Где-то вдали от камеры послышались шаркающие шаги. Он безошибочно определил, что произошла смена контролеров. На смену заступил Яшин, один из самых жестоких охранников. Шаги стали приближаться к дверям его камеры. На какой-то момент они стихли около двери его камеры. Глазок приоткрылся. Убедившись, что арестант на месте, контролер проследовал дальше.
«Если умер Сталин, значит, будет „чистка“ аппарата», — подумал Виктор Семенович.
Он хорошо помнил все предыдущие «чистки» аппарата, которые происходили после арестов Ягоды и Ежова, когда тысячи сотрудников были изгнаны из системы, отдельные были арестованы, а затем расстреляны.
Будет ли арестован Игнатьев, он не знал, но, то, что тот потеряет кресло министра, было однозначно.
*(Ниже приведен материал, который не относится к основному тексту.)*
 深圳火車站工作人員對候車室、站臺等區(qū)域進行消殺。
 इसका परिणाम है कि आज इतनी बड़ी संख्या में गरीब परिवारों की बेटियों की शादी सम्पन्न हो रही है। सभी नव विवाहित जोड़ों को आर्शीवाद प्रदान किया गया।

Он мысленно представил министра, покидающего своей кабинет. На следующее утро его привели в кабинет следователя. Виктор Семенович сел на стул и посмотрел на следователя. То ли взгляд у него был не совсем доброжелателен, то ли следователь решил провести очередной эксперимент с арестованным, но он направил свет электрической лампы ему в лицо.
— У меня к вам всего один вопрос, — произнес глуховатым голосом офицер, — меня интересует, как вам удалось сфальсифицировать уголовное дело в отношении гражданки Жемчужиной?
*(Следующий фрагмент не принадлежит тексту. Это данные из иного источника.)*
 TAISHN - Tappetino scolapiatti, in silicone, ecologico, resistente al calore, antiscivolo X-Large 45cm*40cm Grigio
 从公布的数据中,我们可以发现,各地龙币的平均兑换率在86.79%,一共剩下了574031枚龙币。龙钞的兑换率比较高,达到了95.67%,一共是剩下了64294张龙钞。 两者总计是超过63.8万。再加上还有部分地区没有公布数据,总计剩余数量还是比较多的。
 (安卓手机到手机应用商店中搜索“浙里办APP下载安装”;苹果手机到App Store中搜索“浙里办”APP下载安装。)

— Странный вопрос. Мне его задавали уже несколько раз. Полистайте мое дело, там есть мои ответы по данному делу. Я не имею никакого отношения к ее делу и отрицаю ее причастность к какому-либо сионистскому заговору. Это жена Молотова. Вы, наверняка, хорошо знаете кто такой Молотов.
— Значит, вы отрицаете свою причастность к этому делу?
— Вы правильно меня поняли.
— Вы, наверное, догадываетесь, что вас ожидает? Я скажу открыто и честно. Вас будут бить, и бить будут сильно. Однако, вы можете освободить себя от этих физических мучений. Для этого вам просто нужно подписать протокол допроса, который я уже подготовил. Вы хотите его прочитать?
— Нет! Я ничего подписывать не буду. Думаю, что в вашем протоколе нет ни слова правды.
— Жаль, Виктор Семенович, жаль. Я думал, что вы более умный человек, что осознав свое положение, вы согласитесь со мной, и подпишите этот протокол. Похоже, я ошибся…
Абакумов не заметил, как сзади к нему подошел конвоир и сильным ударом в голову свалил его на пол.
— Бей, его! — приказал следователь конвоиру. — Бей так, чтобы он запомнил тебя!
Конвоир словно ждал этой команды и стал бить ногами арестованного, стараясь выбирать наиболее болезненные места на теле генерала. Когда Абакумов потерял сознание, конвоир схватил его за стопы ног и волооко потащил в камеру.
Улицы Москвы чем-то напоминали разворошенный муравейник. По улицам шли люди, многие из которых плакали. Смерть вождя потрясла весь Советский Союз. Костин вышел из магазина и направился к станции метро. Александр остановился около входа и, достав из кармана пальто папиросу, закурил. Мимо него, словно нескончаемая река, двигались люди. Судя по их сосредоточенным лицам, многие из них были под впечатлением смерти Сталина. Костин бросил папиросу в урну. Недалеко от него остановилась «Победа». Из машины вышел мужчина, в котором он узнал Вахтанга Руставели. Похоже, у него здесь была назначена встреча. Он начал крутить головой, стараясь увидеть того, для встречи с которым он прибыл к этой станции метро. Заметив знакомое ему лицо, Руставели улыбнулся и направился ему на встречу. Сотрудник МГБ крепко пожал руку мужчине, и они отошли в сторону, освобождая дорогу, спешившим куда-то людям.